Logo Questions Linux Laravel Mysql Ubuntu Git Menu
 

How can I multiply all values in a csv using Powershell or Batch?

I have a load of personal ID numbers, which I need to download automatically. Rather than store thousands of unique personal IDs on my machine, I want to multiply all the IDs by a random integer, save the result, and delete the original file.
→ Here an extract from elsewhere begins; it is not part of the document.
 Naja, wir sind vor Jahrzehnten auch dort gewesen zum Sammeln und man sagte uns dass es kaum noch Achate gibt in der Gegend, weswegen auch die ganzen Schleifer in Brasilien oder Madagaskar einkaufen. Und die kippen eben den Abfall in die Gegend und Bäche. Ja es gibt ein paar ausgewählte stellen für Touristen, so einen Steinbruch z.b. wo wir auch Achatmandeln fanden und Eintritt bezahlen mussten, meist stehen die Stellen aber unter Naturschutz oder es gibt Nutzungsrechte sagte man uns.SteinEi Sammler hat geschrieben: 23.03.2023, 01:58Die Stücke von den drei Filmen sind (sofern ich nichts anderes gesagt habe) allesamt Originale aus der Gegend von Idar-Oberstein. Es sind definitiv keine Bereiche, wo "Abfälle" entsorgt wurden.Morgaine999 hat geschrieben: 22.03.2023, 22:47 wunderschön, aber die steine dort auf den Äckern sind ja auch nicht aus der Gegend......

This will end up in Excel, but VBA is not an option because of org policy. I can't install anything - limited to what comes with Windows. As far as I understand, Excel's power query isn't able to delete a source file after reading it, but I could be wrong - if so that could be another direction to go in.
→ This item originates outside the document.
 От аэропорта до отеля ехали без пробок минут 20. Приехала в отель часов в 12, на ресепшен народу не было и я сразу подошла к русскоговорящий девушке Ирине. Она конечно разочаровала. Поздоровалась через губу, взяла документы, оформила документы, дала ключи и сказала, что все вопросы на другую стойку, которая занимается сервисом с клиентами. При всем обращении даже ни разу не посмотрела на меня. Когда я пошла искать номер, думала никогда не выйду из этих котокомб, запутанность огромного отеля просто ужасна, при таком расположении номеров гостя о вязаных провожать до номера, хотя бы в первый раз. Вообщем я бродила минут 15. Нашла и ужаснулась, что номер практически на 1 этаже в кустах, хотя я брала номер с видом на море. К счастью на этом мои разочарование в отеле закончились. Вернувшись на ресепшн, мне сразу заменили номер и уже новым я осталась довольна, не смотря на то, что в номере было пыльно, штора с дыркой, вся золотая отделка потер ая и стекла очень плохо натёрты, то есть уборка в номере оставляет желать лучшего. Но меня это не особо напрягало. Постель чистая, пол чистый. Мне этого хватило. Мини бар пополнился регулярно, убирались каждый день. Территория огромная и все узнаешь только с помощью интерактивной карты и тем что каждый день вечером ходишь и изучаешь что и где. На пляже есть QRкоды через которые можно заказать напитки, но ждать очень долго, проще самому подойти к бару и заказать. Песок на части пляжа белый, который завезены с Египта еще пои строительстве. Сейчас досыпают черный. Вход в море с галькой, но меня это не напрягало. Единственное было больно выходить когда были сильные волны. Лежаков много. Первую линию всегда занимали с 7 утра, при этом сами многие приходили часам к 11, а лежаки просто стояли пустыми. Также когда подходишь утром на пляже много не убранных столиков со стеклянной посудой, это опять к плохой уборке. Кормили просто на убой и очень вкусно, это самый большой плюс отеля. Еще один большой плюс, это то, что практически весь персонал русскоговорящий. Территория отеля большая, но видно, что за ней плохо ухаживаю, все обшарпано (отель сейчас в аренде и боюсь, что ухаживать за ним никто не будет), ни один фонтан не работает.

Sample of csv (the ids are not real)

136983,96771,216453,211521,589046,513320,195746,404556,190103,312261
,,,,,,,,,
,,,,,,,,,
,,,,,,,,,
413213,122904,135502,282999,460212,343970,433526,530707,,
,,,,,,,,,
,,,,,,,,,
216327,121969,165339,538695,440435,175431,396049,360505,160665,375980
,,,,,,,,,
251625,327979,155758,231189,385458,342295,365599,100644,312974,385772
,,,,,,,,,
398438,114618,216349,356734,504029,256328,466559,534053,144303,211043
306499,515840,90297,434565,,,,,,

Features

  • It could be any number of rows, probably between a couple of hundred and ten thousand.
  • Many of the rows are blank. Blank rows need to be preserved, because another column will need to be imported to go next to id (a blank row indicates no people correspond to this value from the imported column)
  • Many of the rows have less than 10 id numbers - less than the maximum, in other words.

Desired output

Let's say that the random integer was 2, this would produce:

273966,193542,432906,423042,1178092,1026640,391492,809112,380206,624522
,,,,,,,,,
,,,,,,,,,
,,,,,,,,,
826426,245808,271004,565998,920424,687940,867052,1061414,,
,,,,,,,,,
,,,,,,,,,
432654,243938,330678,1077390,880870,350862,792098,721010,321330,751960
,,,,,,,,,
503250,655958,311516,462378,770916,684590,731198,201288,625948,771544
,,,,,,,,,
796876,229236,432698,713468,1008058,512656,933118,1068106,288606,422086
612998,1031680,180594,869130,,,,,,

What I've tried

This answer looks promising, but it only deals with one column. I couldn't figure how to adapt it so that it accepts any number of columns.

@echo off
setlocal enabledelayedexpansion
FOR /F "tokens=1-18* delims=," %%A IN (mycsv.csv) DO (
set sum1="%%~C"
set /a cole=!sum1! * 2
echo %%~A,%%~B,%%~C,%%~D,!cole!
) >> output.csv

I don't really understand this Powershell based answer.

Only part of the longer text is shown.